When you copy the records, keep every word exact and leave the pictures out.

#### Data provided

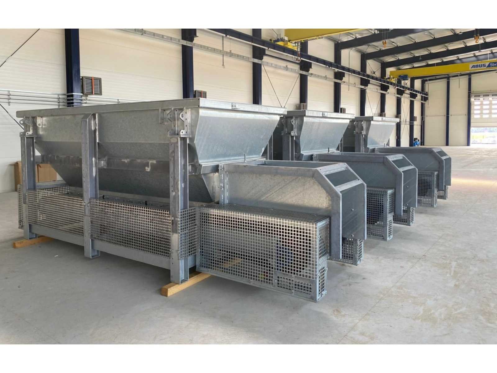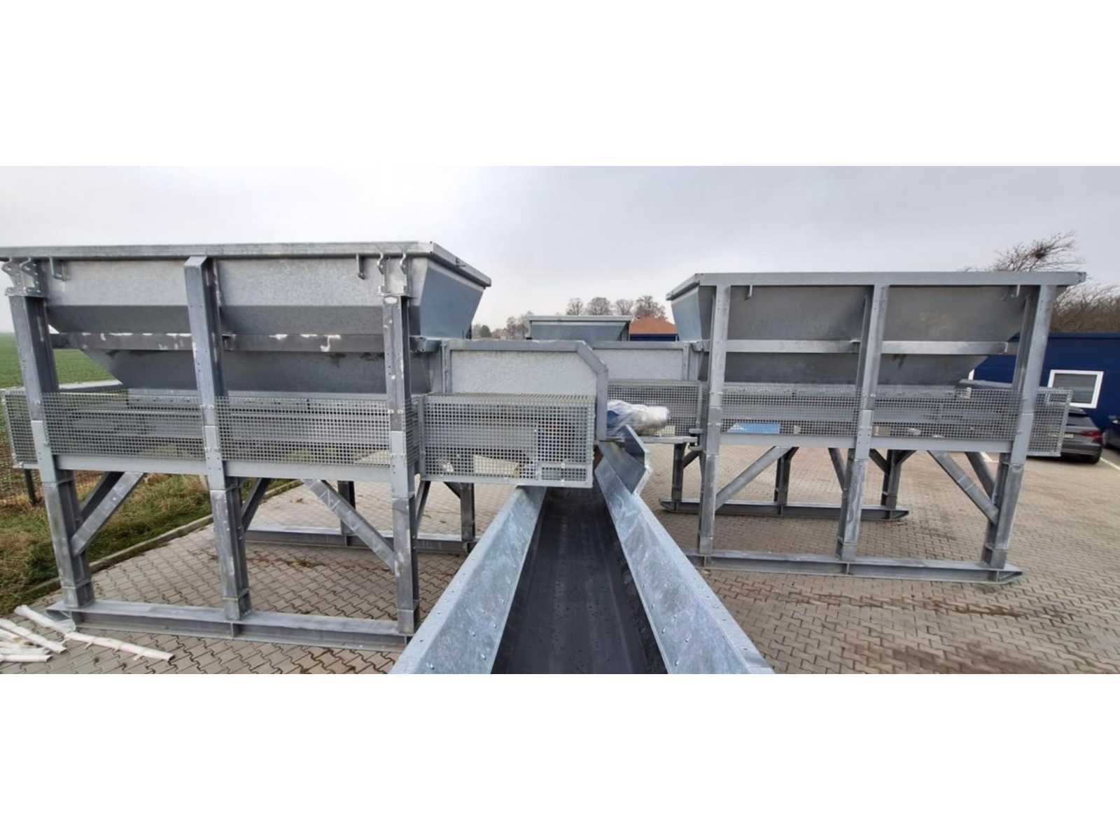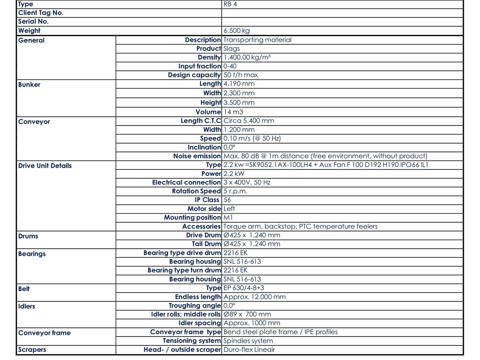 Betreft nieuwe Bunker 1 van 3 stuks; transportband aandrijving capaciteit 50 t/h; Voorraad volume 14m3; Nee Type: RB4 Vermogen: 2.2kW Eigen gewicht: 6500kg Totale afmeting L: 5400mm Totale afmeting Breedte: 2300mm Totale afmeting Hoogte: 3500mm
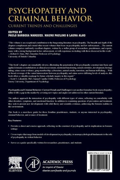 "...The editors have impressive scholarly and applied experiences in criminology, psychology, and the forensic sciences, and their diverse professional experiences translate into a highly accessible and eminently interesting volume. The book is valuable for criminologists, consultants, attorneys, prosecutors, true crime aficionados, and criminal justice students alike, and is worthy of a read. Psychopathy and criminal behavior: Current trends and challenges is the most useful, insightful, and cogent volume on psychopathy in my library" --Journal of Forensic Sciences
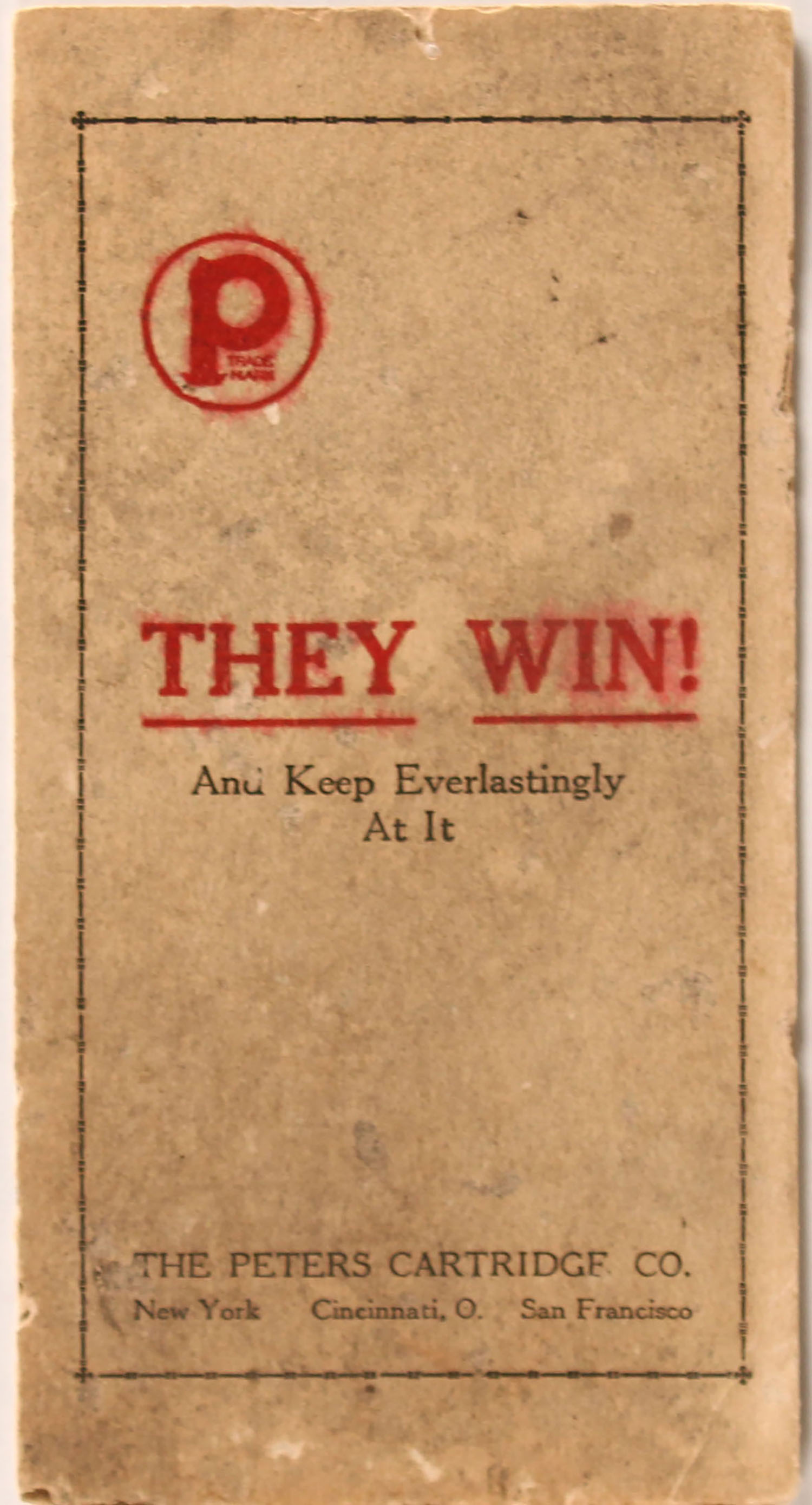1920 The Peters Cart. Co. fold out brochure, THEY WIN!, list all shooting titles won by Peters, one end has separated. Grade: Good ++ - Value: 2 to 50
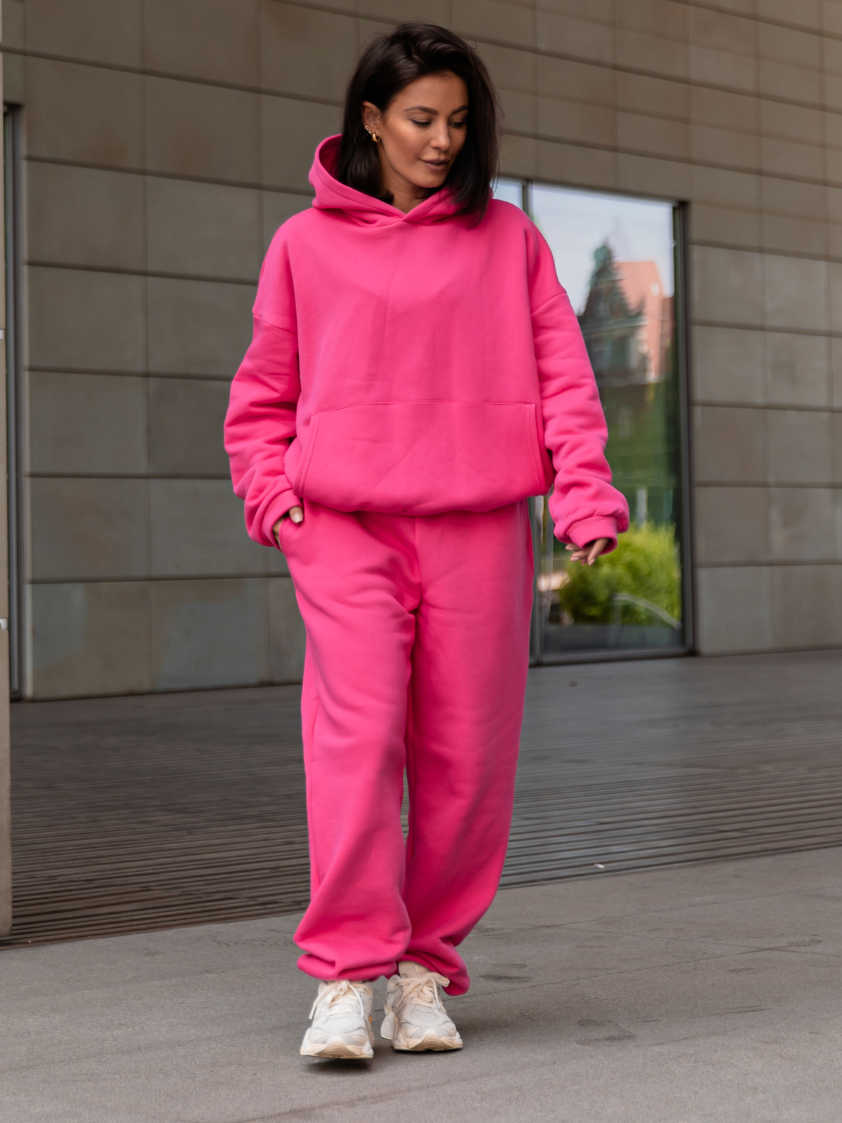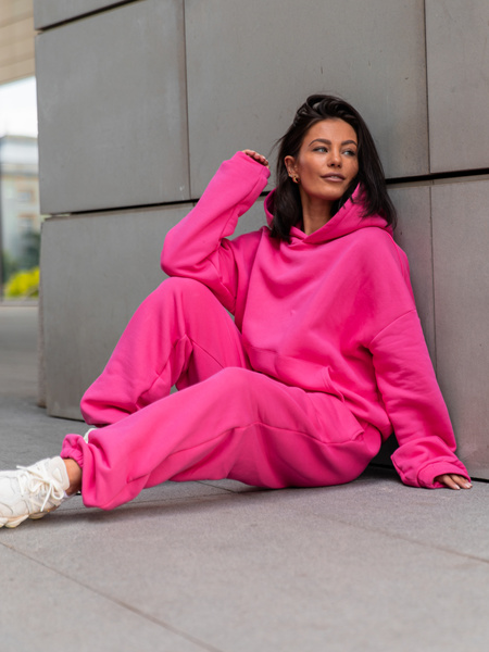 Dresowa bawełniana BLUZA z kapturem kangurka o klasycznym kroju różowa X350
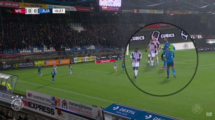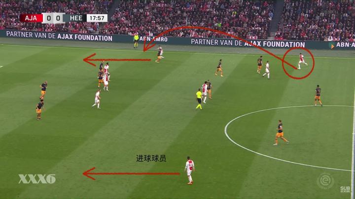 在这次阿贾克斯战术角球开出后前场的进攻配合中,由于后腰暂时作为球队的中卫拖在了球队整体阵型的最后,廷贝尔适时插上深入禁区,在前场的进攻中为球队形成了充足的人数优势。
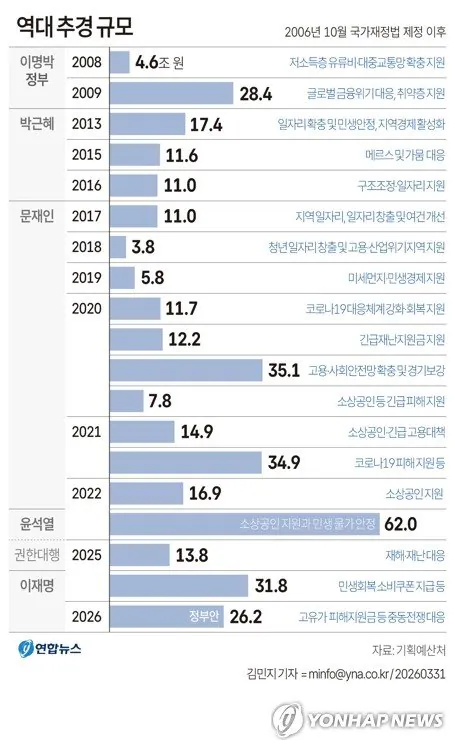 각 정부의 추경액을 보면이명박 33.0조, 박근혜 40.0조, 문재인 155.1조, 윤석열 75.8조, 이재명 58.0조한 정부의 규모가 유독 크긴 하네.. 이 정도까지 차이 나다니
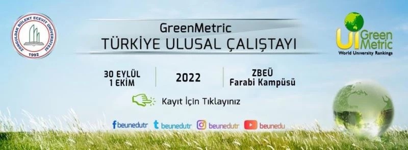 Dünya üniversitelerini çevreci uygulamalar ve sürdürülebilirlik açısından değerlendiren GreenMetric (Yeşil Ölçüm) Türkiye Ulusal Çalıştayı, 30 Eylül-1 Ekim tarihleri arasında Zonguldak Bülent Ecevit Üniversitesi ev sahipliğinde gerçekleşecek. Türkiye’nin en çevreci kampüslerinden biri olan Zonguldak BEÜ Farabi Kampüsü’nde düzenlenecek Ulusal UI GreenMetric Çalıştayı ile yükseköğretim kurumlarında çevre ve sürdürülebilirlik konuları ele alınacak.
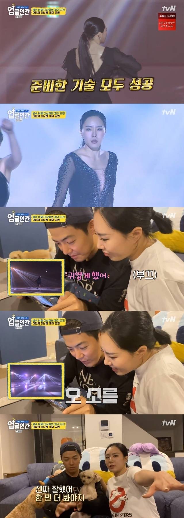 앞서 공연을 하루 앞두고 "너무 예민해서 그만했음 좋겠다"고 의견을 내비쳤던 강남은 무대 영상을 보며 "너무 예쁘다. (동작이) 부드럽다. 옷도 날아다닌다. 소름이 돋는다"며 칭찬을 아끼지 않았다. 강남은 스핀이 잘 되지 않는다고 토로하는 이상화에겐 "귀엽게 했다"고 반응해 아내를 미소짓게 만들었다.
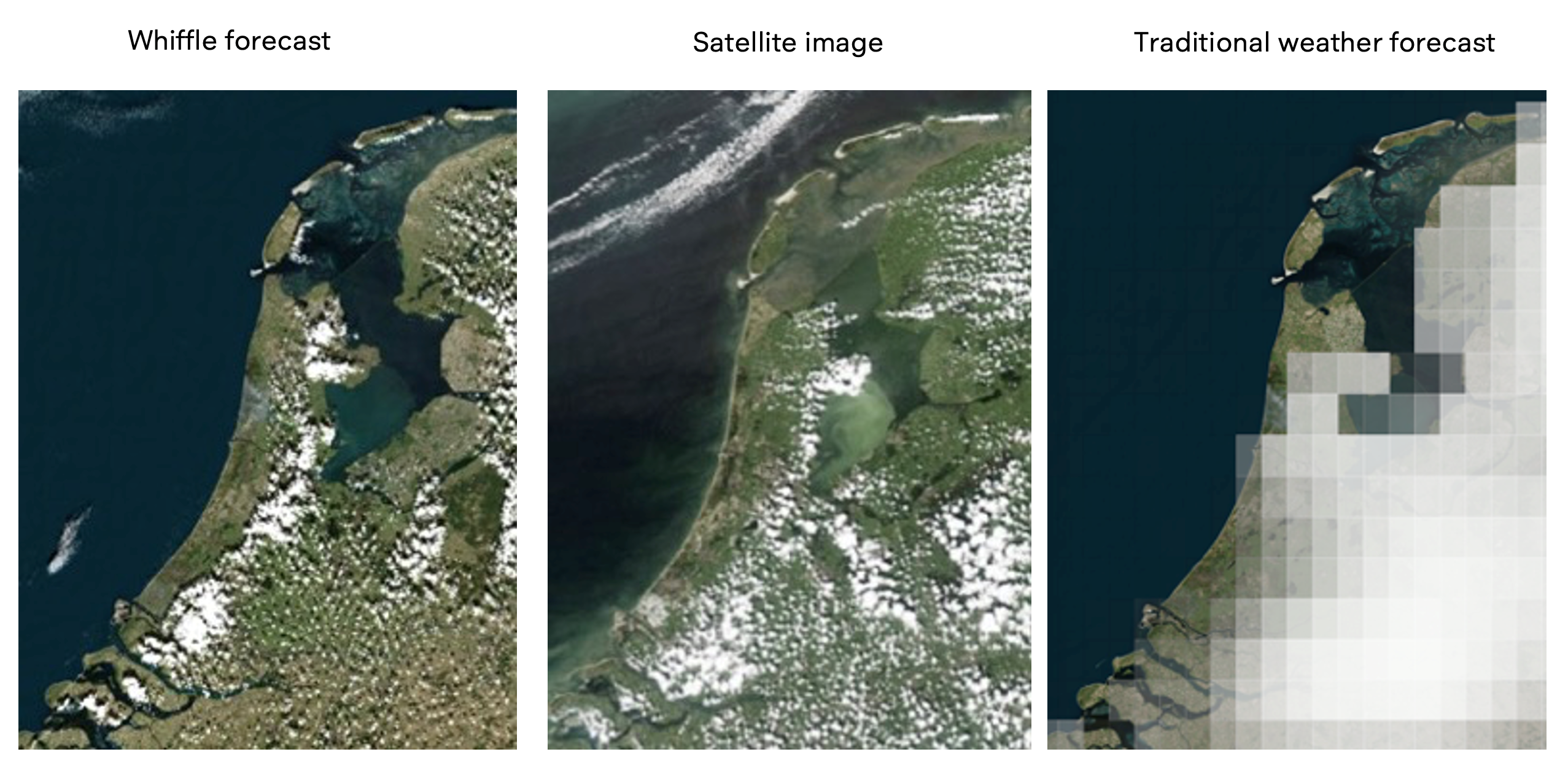 Aan de hand van een rijtje kaarten laat Jonker zien wat Whiffle’s modellering zo bijzonder maakt. Traditionele weersvoorspellingen werken met een raster van blokken van 10 km x 10km. Satellietbeelden laten in de wolkenvelden al meer relevant detail zien. In Whiffle’s model wordt gewerkt met een raster van blokjes van 100m x 100m. Een gigantische sprong in detail en informatiedichtheid ten opzichte van traditionele weersvoorspellingen.
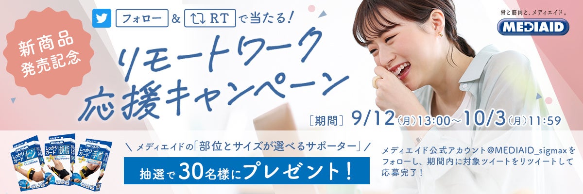 リモートワークをはじめとする日常の様々なシーンでのカラダ、姿勢への負担をサポートし応援するキャンペーンとして、抽選で30名様にメディエイドサポーター8種類の中からお好きな製品・サイズをプレゼントいたします。
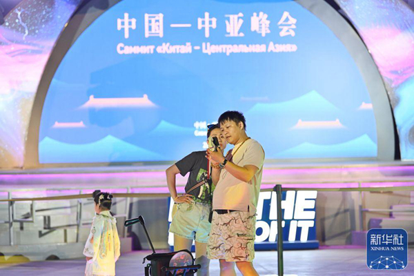 ↑5月16日,游客在西安市北大街上與中國-中亞峰會主題裝置合影。新華社記者 李一博 攝
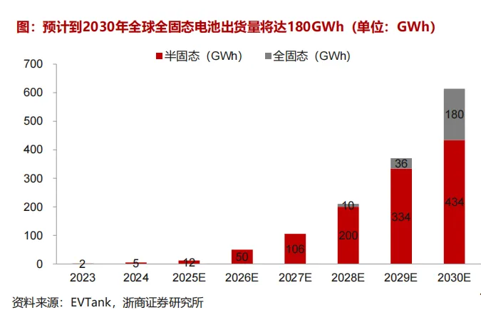 市场规模: 据EVTank , 2027年预计小规模量产全固态电池, 半固态占主导; 2030年全球固态电池出货量达到614GWh,其中全固态比例接近30%,出货量约180GWh,实现规模化量产。
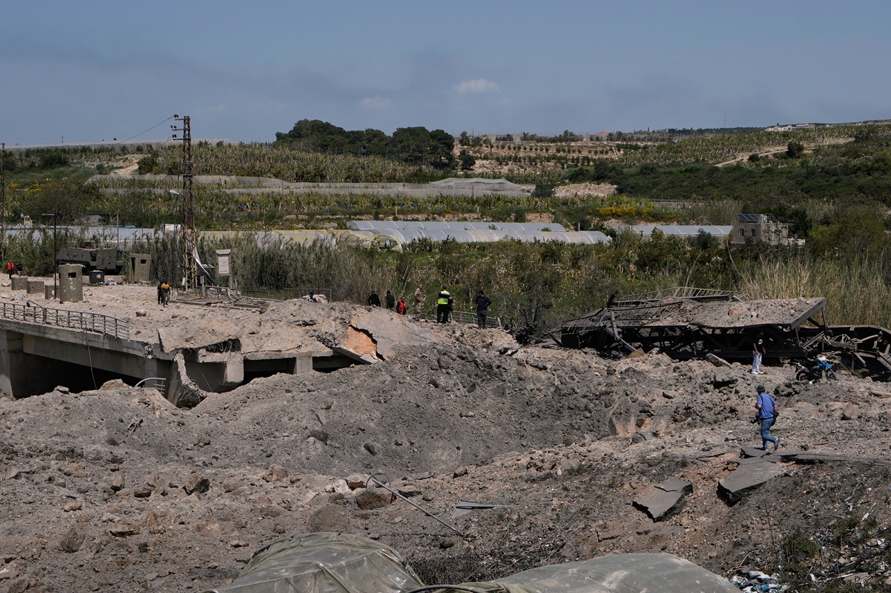 Ľudia kráčajú cez kráter po izraelských leteckých útokoch, ktoré zničili most Kasmijíh neďaleko prístavného mesta Tyre, v južnom Libanone vo štvrtok 16. apríla 2026 / Foto: TASR/AP-Mohammed Zaatari
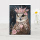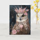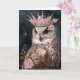 Uma coruja em uma coroa com flores cor-de-rosa para todas as ocasiões cartão de saudação em branco por dentro

########

# [Response area]
 Betreft nieuwe Bunker 1 van 3 stuks; transportband aandrijving capaciteit 50 t/h; Voorraad volume 14m3; Nee Type: RB4 Vermogen: 2.2kW Eigen gewicht: 6500kg Totale afmeting L: 5400mm Totale afmeting Breedte: 2300mm Totale afmeting Hoogte: 3500mm
 "...The editors have impressive scholarly and applied experiences in criminology, psychology, and the forensic sciences, and their diverse professional experiences translate into a highly accessible and eminently interesting volume. The book is valuable for criminologists, consultants, attorneys, prosecutors, true crime aficionados, and criminal justice students alike, and is worthy of a read. Psychopathy and criminal behavior: Current trends and challenges is the most useful, insightful, and cogent volume on psychopathy in my library" --Journal of Forensic Sciences
1920 The Peters Cart. Co. fold out brochure, THEY WIN!, list all shooting titles won by Peters, one end has separated. Grade: Good ++ - Value: 2 to 50
 Dresowa bawełniana BLUZA z kapturem kangurka o klasycznym kroju różowa X350
 在这次阿贾克斯战术角球开出后前场的进攻配合中,由于后腰暂时作为球队的中卫拖在了球队整体阵型的最后,廷贝尔适时插上深入禁区,在前场的进攻中为球队形成了充足的人数优势。
 각 정부의 추경액을 보면이명박 33.0조, 박근혜 40.0조, 문재인 155.1조, 윤석열 75.8조, 이재명 58.0조한 정부의 규모가 유독 크긴 하네.. 이 정도까지 차이 나다니
 Dünya üniversitelerini çevreci uygulamalar ve sürdürülebilirlik açısından değerlendiren GreenMetric (Yeşil Ölçüm) Türkiye Ulusal Çalıştayı, 30 Eylül-1 Ekim tarihleri arasında Zonguldak Bülent Ecevit Üniversitesi ev sahipliğinde gerçekleşecek. Türkiye’nin en çevreci kampüslerinden biri olan Zonguldak BEÜ Farabi Kampüsü’nde düzenlenecek Ulusal UI GreenMetric Çalıştayı ile yükseköğretim kurumlarında çevre ve sürdürülebilirlik konuları ele alınacak.
 앞서 공연을 하루 앞두고 "너무 예민해서 그만했음 좋겠다"고 의견을 내비쳤던 강남은 무대 영상을 보며 "너무 예쁘다. (동작이) 부드럽다. 옷도 날아다닌다. 소름이 돋는다"며 칭찬을 아끼지 않았다. 강남은 스핀이 잘 되지 않는다고 토로하는 이상화에겐 "귀엽게 했다"고 반응해 아내를 미소짓게 만들었다.
 Aan de hand van een rijtje kaarten laat Jonker zien wat Whiffle’s modellering zo bijzonder maakt. Traditionele weersvoorspellingen werken met een raster van blokken van 10 km x 10km. Satellietbeelden laten in de wolkenvelden al meer relevant detail zien. In Whiffle’s model wordt gewerkt met een raster van blokjes van 100m x 100m. Een gigantische sprong in detail en informatiedichtheid ten opzichte van traditionele weersvoorspellingen.
 リモートワークをはじめとする日常の様々なシーンでのカラダ、姿勢への負担をサポートし応援するキャンペーンとして、抽選で30名様にメディエイドサポーター8種類の中からお好きな製品・サイズをプレゼントいたします。
 ↑5月16日,游客在西安市北大街上與中國-中亞峰會主題裝置合影。新華社記者 李一博 攝
 市场规模: 据EVTank , 2027年预计小规模量产全固态电池, 半固态占主导; 2030年全球固态电池出货量达到614GWh,其中全固态比例接近30%,出货量约180GWh,实现规模化量产。
 Ľudia kráčajú cez kráter po izraelských leteckých útokoch, ktoré zničili most Kasmijíh neďaleko prístavného mesta Tyre, v južnom Libanone vo štvrtok 16. apríla 2026 / Foto: TASR/AP-Mohammed Zaatari
 Uma coruja em uma coroa com flores cor-de-rosa para todas as ocasiões cartão de saudação em branco por dentro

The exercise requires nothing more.